Multispectral Pedestrian Detection via Simultaneous Detection and Segmentation
Chengyang Li
Dan Song
Ruofeng Tong
Min Tang
BMVC 2018 | arXiv
Figure 1: Overview of the proposed MSDS-RCNN. The network architecture consists of a multispectral proposal network (MPN) to generate pedestrian proposals, and a subsequent multispectral classification network (MCN) to distinguish pedestrian instances from hard negatives. The unified network is learned by jointly optimizing pedestrian detection and semantic segmentation tasks. The final detections are obtained by integrating the outputs from different modalities as well as the two stages.
Abstract
Multispectral pedestrian detection has attracted increasing attention from the research community due to its crucial competence for many around-the-clock applications (e.g., video surveillance and autonomous driving), especially under insufficient illumination conditions. We create a human baseline over the KAIST dataset and reveal that there is still a large gap between current top detectors and human performance. To narrow this gap, we propose a network fusion architecture, which consists of a multispectral proposal network to generate pedestrian proposals, and a subsequent multispectral classification network to distinguish pedestrian instances from hard negatives. The unified network is learned by jointly optimizing pedestrian detection and semantic segmentation tasks. The final detections are obtained by integrating the outputs from different modalities as well as the two stages. The approach significantly outperforms state-of-the-art methods on the KAIST dataset while remain fast. Additionally, we contribute a sanitized version of training annotations for the KAIST dataset, and examine the effects caused by different kinds of annotation errors. Future research of this problem will benefit from the sanitized version which eliminates the interference of annotation errors.
Detection Performance
We compare our MSDS-RCNN with existing methods, including ACF+T+THOG [1], Halfway Fusion [2], Fusion RPN [3], Fusion RPN+BF [3], IAF R-CNN [4] and IATDNN+IASS [5]. Fig. 2 illustrates the ROC curves.
Figure 2: Comparisons of detection results reported on the test set of KAIST dataset [1], in terms of Reasonable-all. Our method surpasses existing state-of-the-arts by a large margin (26% relative). About one third of the error is attributed to the annotation noise, which can be further eliminated using our sanitized training annotations.
Downloads
Human Baseline: [Google Drive] [OneDrive]

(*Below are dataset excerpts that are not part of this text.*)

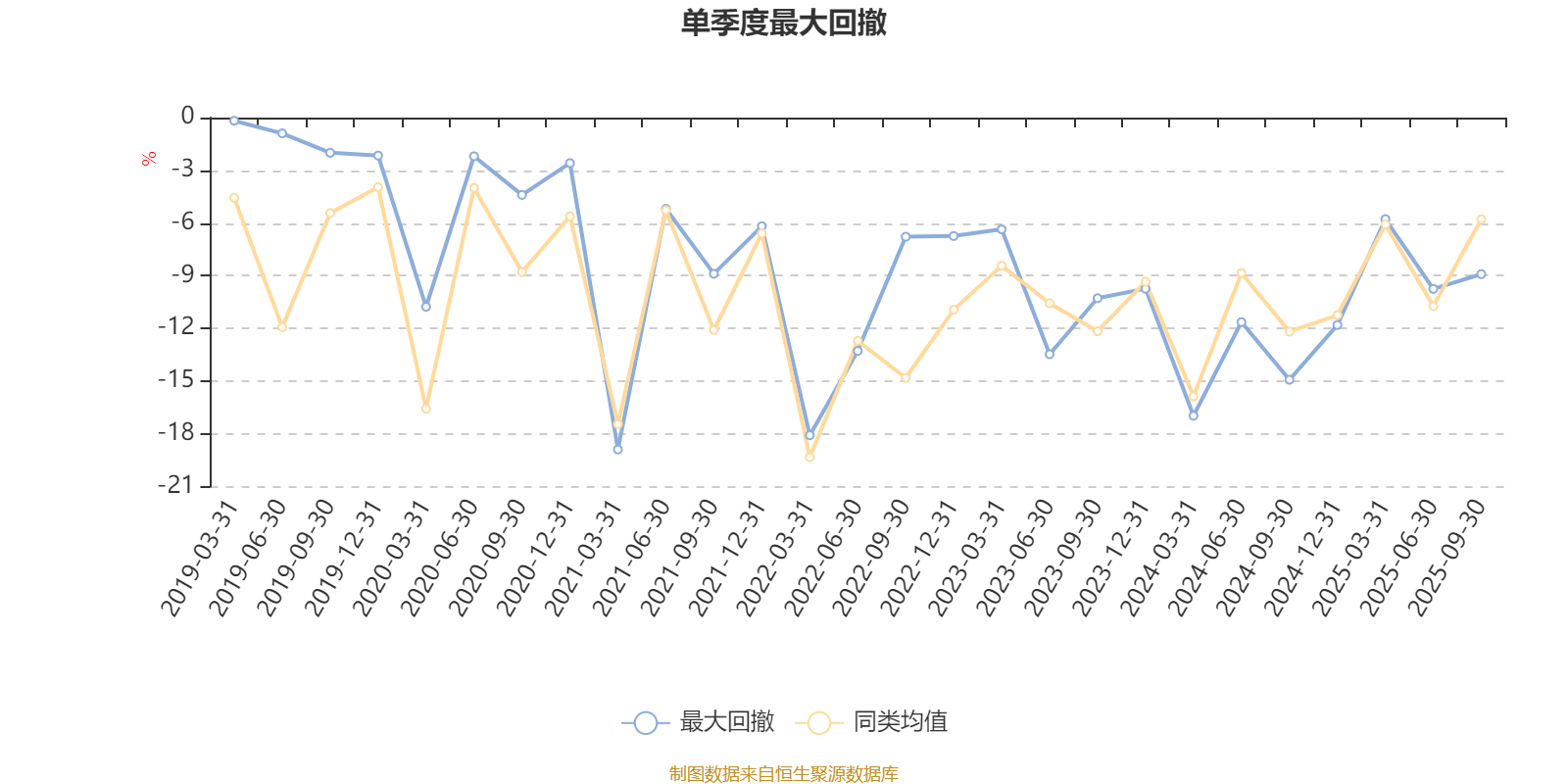 截至10月27日,基金近三年最大回撤为43.82%,同类可比基金排名276/363。单季度最大回撤出现在2021年一季度,为18.89%。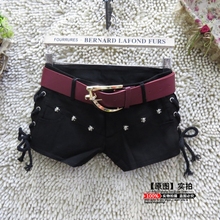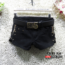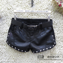 包邮2016秋冬新款黑色订珠PU皮短裤热裤女靴裤性感牛仔拼皮超短裤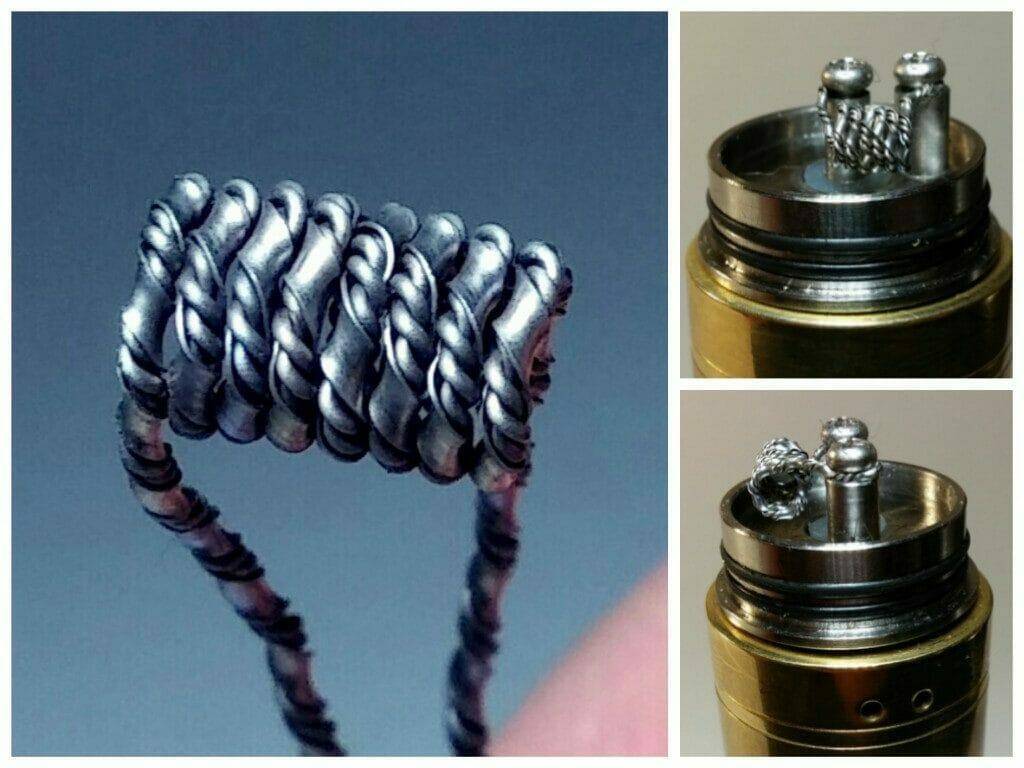 При отсутствии таких заготовок можно сделать намотку Twisted (ее часто называют «косичка»), используя два отрезка проволоки, переплетаемые между собой. Для снижения сопротивления рекомендуется использовать параллельные проволоки или двойной Twisted, устанавливаемые в дрипку по аналогии со стандартными microcoil.
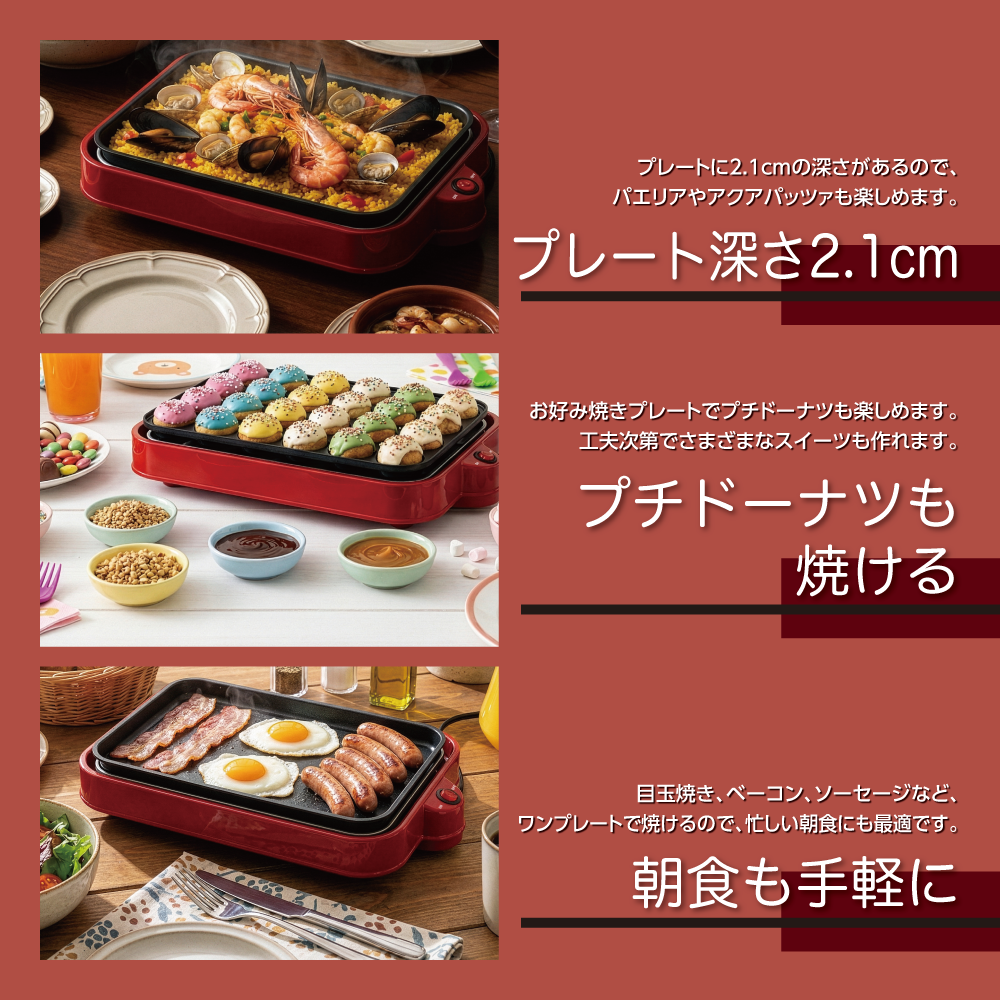 3種のプレートで多彩な調理
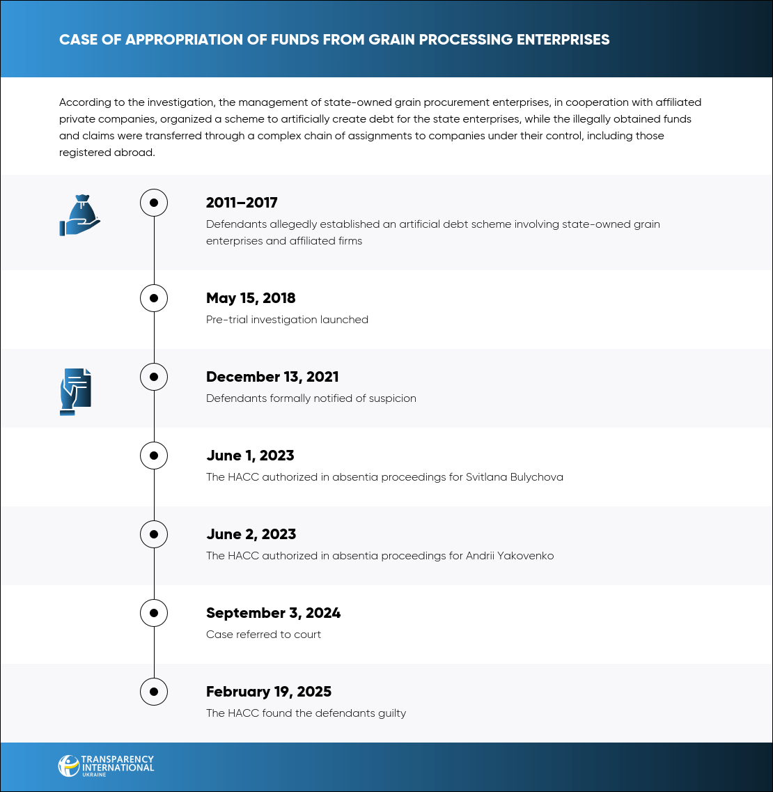 The defendants were charged under Article 191(5) of the Criminal Code of Ukraine. The HACC approved a plea agreement and found them guilty. The verdict is not yet available in the official registry. Andrii Yakovenko was sentenced to 7 years of imprisonment with a 3-year probationary period. Yevhen Svystunov — 7 years of suspended sentence with a 2.5-year probation. Dmytro Hostrenko, Svitlana Bulychkova, Oleh Mohylnyi, and Serhii Korostyliov — 4 years of imprisonment with a 2.5-year probation.

Detection Results: [Google Drive] [OneDrive]
Sanitized Training Annotations: [Google Drive] [OneDrive]
KAIST Multispectral Pedestrian Dataset: Link to KAIST dataset
Improved Testing Annotations provided by Liu et al.: Link to download (Since the original annotations of the test set contain many problematic bounding boxes, we highly recommend you to report results using the improved testing annotations instead of the orignial ones to enable a reliable comparison.)
Codes
Link to project on GitHub: (https://github.com/Li-Chengyang/MSDS-RCNN)
Citation
@InProceedings{li_2018_BMVC,
author = {Li, Chengyang and Song, Dan and Tong, Ruofeng and Tang, Min},
title = {Multispectral Pedestrian Detection via Simultaneous Detection and Segmentation},
booktitle = {British Machine Vision Conference (BMVC)},
month = {September},
year = {2018},
}
Reference
[1] Soonmin Hwang, Jaesik Park, Namil Kim, Yukyung Choi, and In So Kweon. Multispectral pedestrian detection: Benchmark dataset and baseline. In CVPR, pages 1037–1045, 2015.
[2] Jingjing Liu, Shaoting Zhang, Shu Wang, and Dimitris Metaxas. Multispectral deep neural networks for pedestrian detection. In BMVC, pages 73.1–73.13, 2016.
[3] Daniel König, Michael Adam, Christian Jarvers, Georg Layher, Heiko Neumann, and Michael Teutsch. Fully convolutional region proposal networks for multispectral person detection. In CVPRW, pages 243–250, 2017.
[4] Chengyang Li, Dan Song, Ruofeng Tong, and Min Tang. Illumination-aware faster r-cnn for robust multispectral pedestrian detection. arXiv preprint arXiv:1803.05347, 2018.
[5] Dayan Guan, Yanpeng Cao, Jun Liang, Yanlong Cao, and Michael Ying Yang. Fusion of multispectral data through illumination-aware deep neural networks for pedestrian detection. arXiv preprint arXiv:1802.09972, 2018.